The Confederation of Indian Textile Industry reports that between April and November 2025, textile exports fell by 2.27% and apparel exports increased by just 2.28%. Manufacturers claim that stopping manufacturing is not an option despite these concerns. “The scenario about US tariffs is still quite murky,” said Agarwal. However, we must manufacture stuff. We must accept this danger.
Exporters’ Challenges
Some businesses have already suffered losses in order to keep exporting. The managing director of the 8,000-person Rajlaxmi Cotton Mills in Kolkata, Rajat Jaipuria, said, “We provided huge discounts to maintain exporting, expecting the matter would be addressed soon.” For the autumn season, his firm has now started up again. However, Jaipuria cautioned that if the new tariffs are put into effect, there would be dire repercussions. “For orders for the autumn season, we have recently started up manufacturing again.
But a 500% tariff would essentially amount to a prohibition,” he said. “If shipments to the US are prohibited, we do not comprehend how factories would continue to function.” For the next season, American consumers are already searching for alternatives to India. Tiruppur, which produces around 90% of India’s knitwear exports, is showing symptoms of pressure, according to officials. This demonstrates the strain on the supply chain.
⚠️ Industry Response & Export Concerns
- Production: Continues despite tariff threat
- Discounts: Offered to maintain clients
- Supply Chain: Tiruppur under stress
- Market Shift: US buyers exploring alternatives
- Government Role: Expected to intervene strategically
Frequently Asked Questions
1. Why is a 500% tax on Indian clothing being considered by the US?
The proposed tax is a component of US policies aimed at nations that continue to do business with Russia. Its goal is to punish countries that engage in certain transactions, such as the export of textiles from India.
2. What impact would a 500% tariff have on Indian exporters?
Indian clothing will become unaffordable for US consumers with a 500% tax.

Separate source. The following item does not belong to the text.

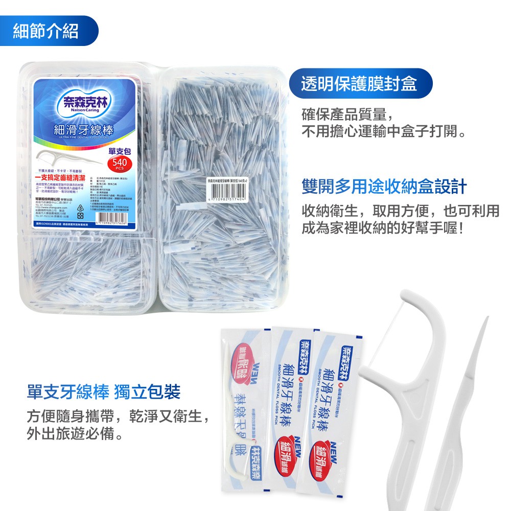 【奈森克林】美式量販店熱銷 細滑 540支 1盒 口腔護理牙線棒 單支包

This may imperil the lives of millions of workers in the sector, dramatically cut exports, and stop operations in certain facilities.
3. Why may this circumstance be advantageous to Bangladesh?
American consumers would probably move their purchases to Bangladesh as Indian clothing became more costly. Bangladesh could be able to overtake India in the US market because to lower labor costs and the absence of tariffs.
4. What is the size of the Indian clothing market in the United States?
About 28–30% of India’s total exports of clothing and textiles go to the US. India exported $37 billion worth of commodities to the United States in 2024–2025. The industry would suffer a serious setback if it lost this market.
5. How are Indian exporters reacting?
In spite of the uncertainty, manufacturers are seeking other markets, keeping up production, and providing discounts to keep customers. They emphasize, nonetheless, that the planned 500% tariff would have disastrous effects for company continuity.
Conclusion
For the Indian apparel business, the projected 500% US tax poses an existential threat. Bangladesh would benefit, while India may suffer a significant loss in jobs, manufacturing operations, and exports. To safeguard the industry and stop international orders from shifting to other nations, the government must act quickly and strategically.
Disclaimer
The only objective of this article is to provide information. Publicly accessible studies and professional judgments serve as the foundation for the information and claims about US tariffs, Indian exports, and industry reactions. It is not financial, legal, or investment advice.